Count the number of estimated parameters $k$ . In a linear regression, this includes each coefficient (including the intercept) plus the error variance, so a model with $p$ predictors has $k = p + 2$ .
Fit the model and obtain the maximized log-likelihood $\ln(L)$ .
Plug into the formula: $AIC = 2k - 2\ln(L)$ .

Information Criteria for Model Selection, Frontiers | To transform or not to transform: using generalized linear mixed models to analyse ...

Steps to Calculate BIC

Count the number of estimated parameters $k$ (same as above).
Record the sample size $n$ .
Fit the model and obtain the maximized log-likelihood $\ln(L)$ .
Plug into the formula: $BIC = k \ln(n) - 2\ln(L)$ .

Model Comparison Using AIC and BIC

Compare the AIC (or BIC) values across your candidate models.

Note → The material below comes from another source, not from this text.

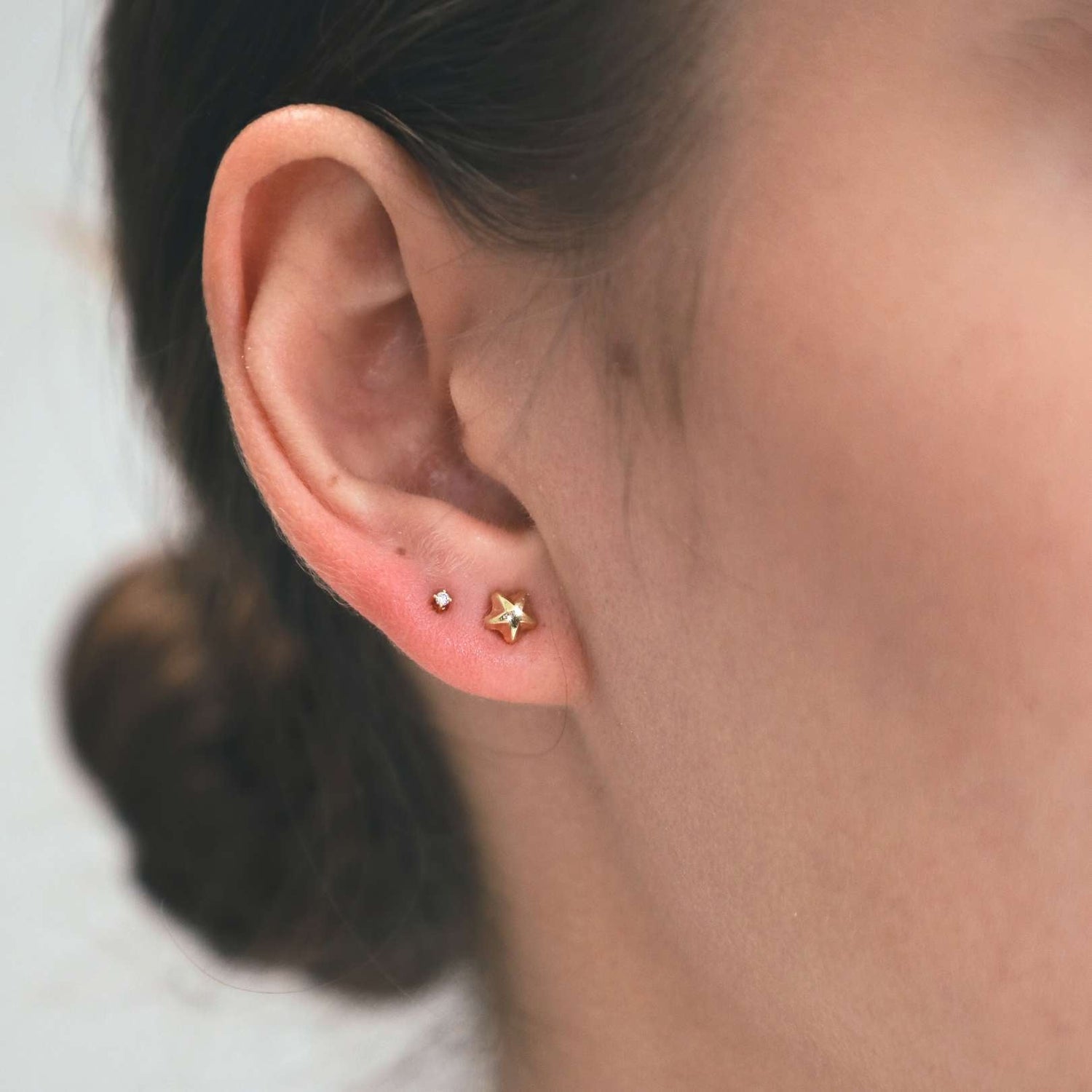 Brillez de jour comme de nuit avec ces puces d'oreilles Dainty Star. Avec leur design minimaliste en forme d'étoile, ces petites puces ajoutent une subtile touche céleste à toutes vos tenues. Légères et faciles à porter, elles sont parfaites en superposition ou seules pour une touche de charme en toute simplicité.

The model with the lowest value wins.

A few rules to keep the comparison valid:

All models must be fit to the same dataset (same observations, same response variable).
The likelihoods must be computed using the same method (e.g., don't mix maximum likelihood and restricted maximum likelihood across candidates).

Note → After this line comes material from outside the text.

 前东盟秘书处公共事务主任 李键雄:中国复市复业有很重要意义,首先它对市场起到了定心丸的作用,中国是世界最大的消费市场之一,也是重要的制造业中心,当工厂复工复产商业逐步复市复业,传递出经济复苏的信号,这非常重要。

The raw difference in scores between two models, often written $\Delta AIC$ or $\Delta BIC$ , tells you how strong the evidence is:

Difference	Strength of Evidence
0–2	Weak (models are roughly equivalent)
2–6	Moderate
6–10	Strong
> 10	Very strong

These guidelines come from Burnham & Anderson for AIC and Kass & Raftery for BIC. They're rules of thumb, not hard cutoffs.

Model Complexity vs. Goodness of Fit

Balancing Fit and Complexity

Every time you add a parameter to a model, the fit to the training data improves (or at least doesn't get worse). But that improvement might just be capturing noise rather than real signal. AIC and BIC guard against this by attaching a cost to each additional parameter. A more complex model only "wins" if the gain in log-likelihood is large enough to offset the penalty.

Information Criteria for Model Selection, Frontiers | Model Complexity in Diffusion Modeling: Benefits of Making the Model More Parsimonious

Underfitting and Overfitting

Underfitting happens when a model is too simple to capture the real patterns in the data. These models have high bias and low variance. Residual plots will often show systematic structure that the model missed.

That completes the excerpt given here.